In the left photo, the section on The Hague Adoption Convention where Korea was expected to sign remains unsigned. In the right photo, the section is filled in with the signature of then-Health Minister Chin Young in 2013. Courtesy of Lee Kyung-eun
Adoption linked to society’s child protection system
In adoption studies, the abuse of adoptees have been given a higher degree of attention than the systematic impact "slash-and-burn adoption" has on the sending countries. Under slash-and-burn practices, the sending countries' systems and processes erected to promote and facilitate the export of children hamper the development of other public services, such as birth registration, family and community support, and alternative care, just to name a few. In many cases, the effects have been such that sending countries lose the opportunity to develop comprehensive child protection systems, and as a result, their child services continue to suffer problems to this day.

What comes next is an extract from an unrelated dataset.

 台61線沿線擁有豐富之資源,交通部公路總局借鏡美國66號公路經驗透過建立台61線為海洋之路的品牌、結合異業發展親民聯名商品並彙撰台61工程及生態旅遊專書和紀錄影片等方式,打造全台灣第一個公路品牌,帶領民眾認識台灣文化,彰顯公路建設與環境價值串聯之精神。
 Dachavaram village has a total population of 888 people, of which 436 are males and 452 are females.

To illustrate what I mean by these lingering problems, I provide three examples of Korea's struggle to reckon with its legacy in the 21st century. First, Korea has yet to ratify the Hague Adoption Convention. This legal instrument, although far from a panacea to address abusive adoption practices, is meant to establish minimum global standards to reduce child trafficking. With 100 state parties since its drafting in 1993, South Korea only signed the convention in 2013 with a promise to ratify it within five years. Although 10 years have passed, Korea has yet to reform its domestic practices for ratification, which reveals the lack of protection provided to children in this country.

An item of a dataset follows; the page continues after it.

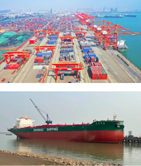 在公開(kāi)照片中,與習(xí)近平總書(shū)記“同框”的,正是中國(guó)船舶集團(tuán)旗下武漢船機(jī)、七一六所參與建設(shè)的日照港順岸開(kāi)放式全自動(dòng)化集裝箱碼頭,以及上船院設(shè)計(jì)、汾西重工提供關(guān)鍵配套的4600箱集裝箱船“中谷南昌”號(hào)。
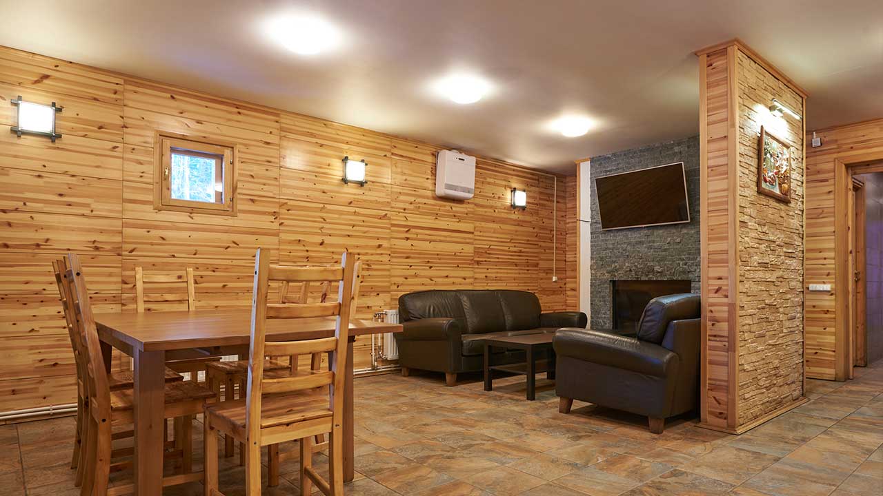 - Просторная комната отдыха с камином, диванами, телевизором, кухонным уголком с набором посуды и обеденным столом.

Second, a list of statistics on major sending countries published by International Social Services, a Geneva-based children's rights NGO, in 2020 shows that South Korea was the third major sending country. During the height of the COVID-19 pandemic, when the world came to a standstill and all other sending countries' intercountry adoptions declined, South Korea was the only country to increase the number of children it sent overseas.

Third, after authorities discovered thousands of unregistered children due to a broken birth registration system, the National Assembly responded, but rather than attempting to address the problems, it passed a special act to allow “anonymous births.” Human Rights Watch condemned this law. Not only does it violate children's rights, it does nothing to address discrimination against unmarried pregnant women. Instead, it serves as another demonstration of the government's unwillingness to protect the rights of its most vulnerable citizens and another attempt to evade its responsibilities.
If Korea wants to confront its legacy, it must face the truth by launching an official comprehensive investigation. A genuine undertaking of such an endeavor can only be done when guided by the principles of justice and rectification. Just as slashing and burning may allow for cultivating new crops when the soil is properly prepared, so too may Korea heal its social landscape when it commits to excavating the truth from the lies it has told itself for over half a century.
Lee Kyung-eun (kyung.lee@hrbb.org) is director of Human Rights Beyond Borders and author of the Korean-language book, "The Children-selling Country," and the English book, "The Global Orphan Adoption System; South Korea's Impact on Its Origin and Development."